Slow plasma dynamo driven by electric current helicity in non-compact Riemann surfaces of negative curvature

TL;DR

This paper investigates slow plasma dynamos driven by electric current helicity on non-compact Riemann surfaces with negative curvature, exploring how curvature influences dynamo behavior and magnetic field growth.

Contribution

It introduces a study of slow plasma dynamos on non-compact negatively curved Riemann surfaces, extending previous work on dynamo mechanisms in curved geometries.

Findings

Electric current helicity is approximately 2.34 m^{-1}.

Magnetic field growth rate is about 0.022.

Dynamo action is influenced by surface curvature and helicity.

Abstract

Boozer addressed the role of magnetic helicity in dynamos [Phys Fluids \textbf{B},(1993)]. He pointed out that the magnetic helicity conservation implies that the dynamo action is more easily attainable if the electric potential varies over the surface of the dynamo.
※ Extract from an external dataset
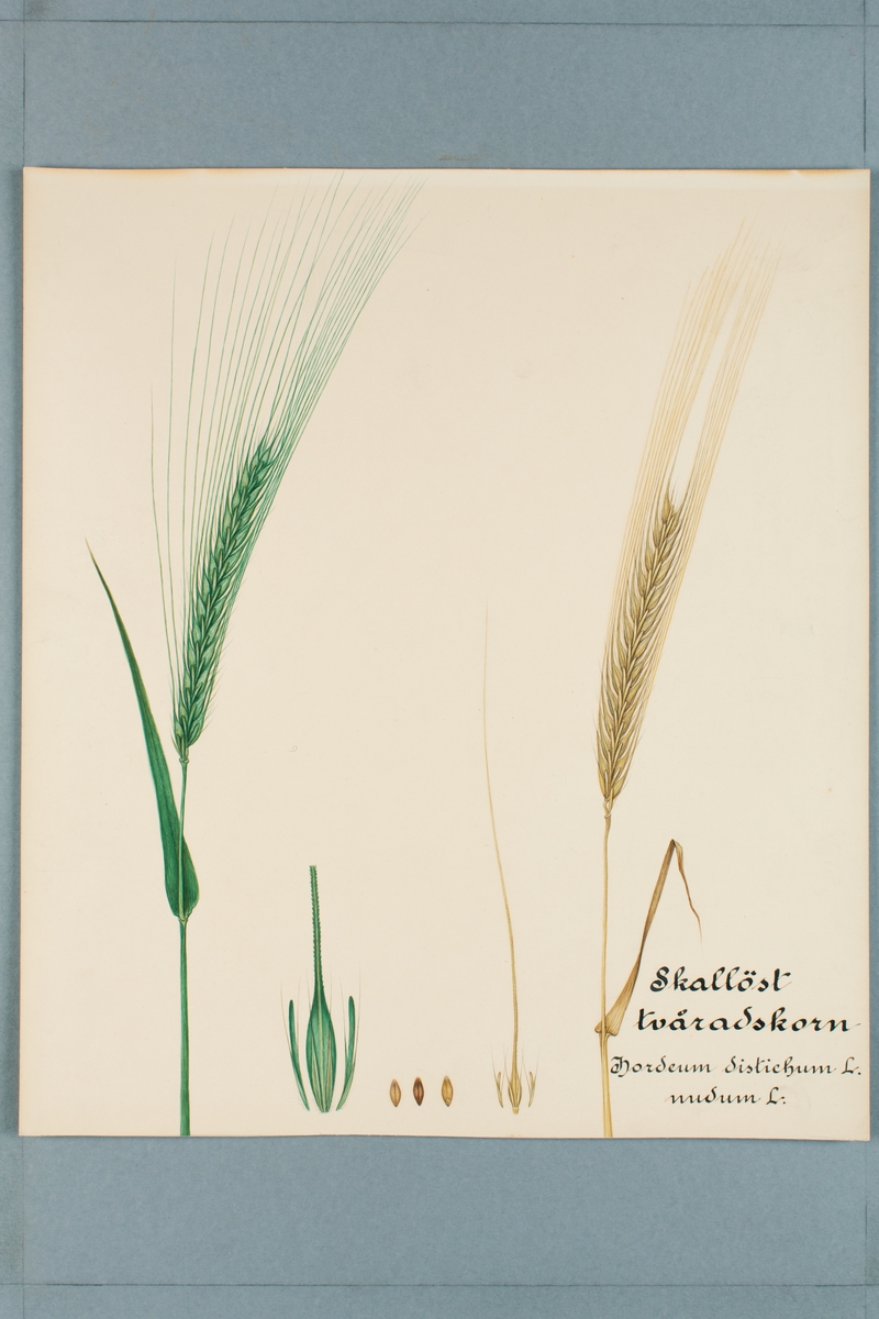 Sveriges kulturväxter. Illustration utförd av Henriette Sjöberg. Korn, tvåradigt, skallöst. Odlingsplats och datering saknas.
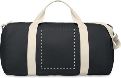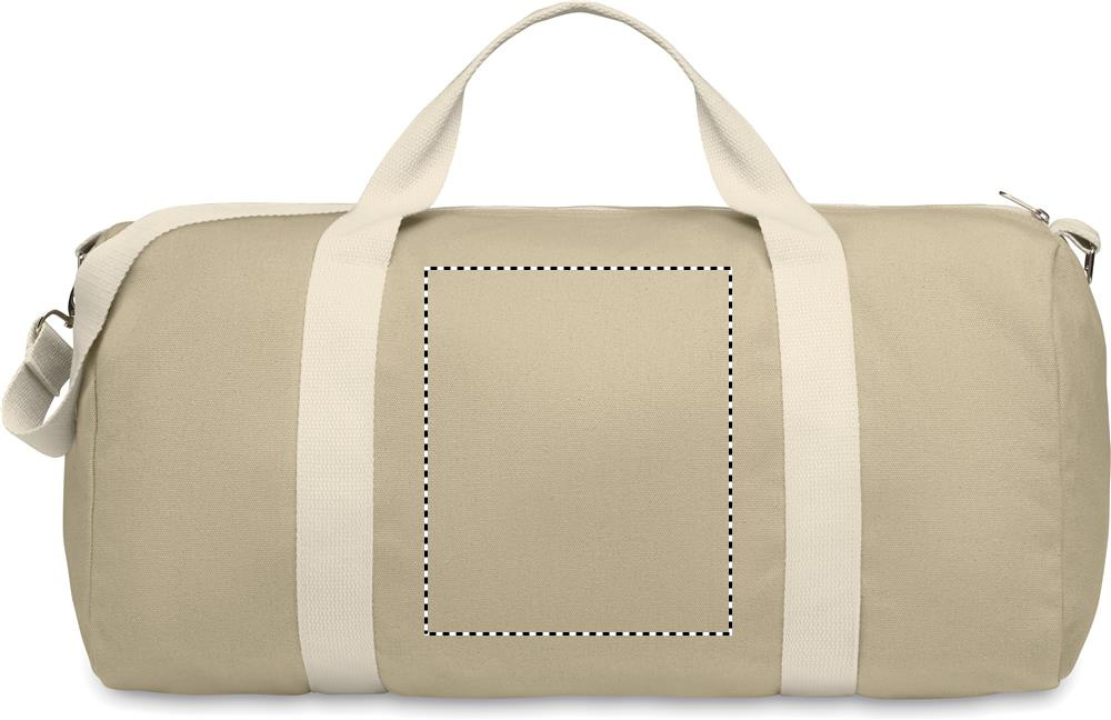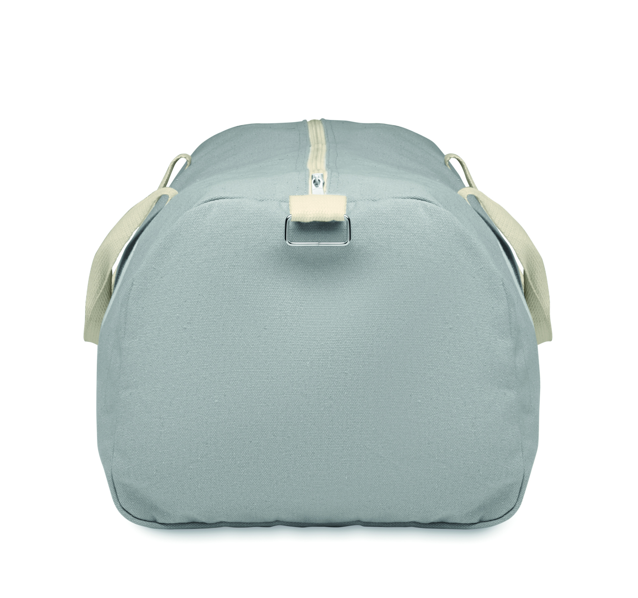 Dufflebag/väska i återvunnet material (60% återvunnen bomull, 40% återvunnen polyester) i 320 gr/m² med handtag i naturfärgad bomullsväv och en justerbar och avtagbar axelrem.

This provided us with motivation to investigate dynamos in Riemannian curved surfaces [Phys Plasmas \textbf{14}, (2007);\textbf{15} (2008)]. Thiffeault and Boozer [Phys Plasmas (2003)] discussed the onset of dissipation in kinematic dynamos. When curvature is constant and negative, a simple simple laminar dynamo solution is obtained on the flow topology of a Poincare disk, whose Gauss curvature is $K=-1$. By considering a laminar plasma dynamo [Wang et al, Phys Plasmas (2002)] the electric current helicity ${\lambda}\approx{2.34m^{-1}}$ for a Reynolds magnetic number of $Rm\approx{210}$ and a growth rate of magnetic field $|{\gamma}|\approx{0.022}$. Negative constant curvature non-compact $\textbf{H}^{2}$, has also been used in one-component electron 2D plasma by Fantoni and Tellez (Stat Phys, (2008)). Chicone et al (CMP (1997)) showed fast dynamos can be supported in compact $\textbf{H}^{2}$. PACS: 47.65.Md. Key-word: dynamo plasma.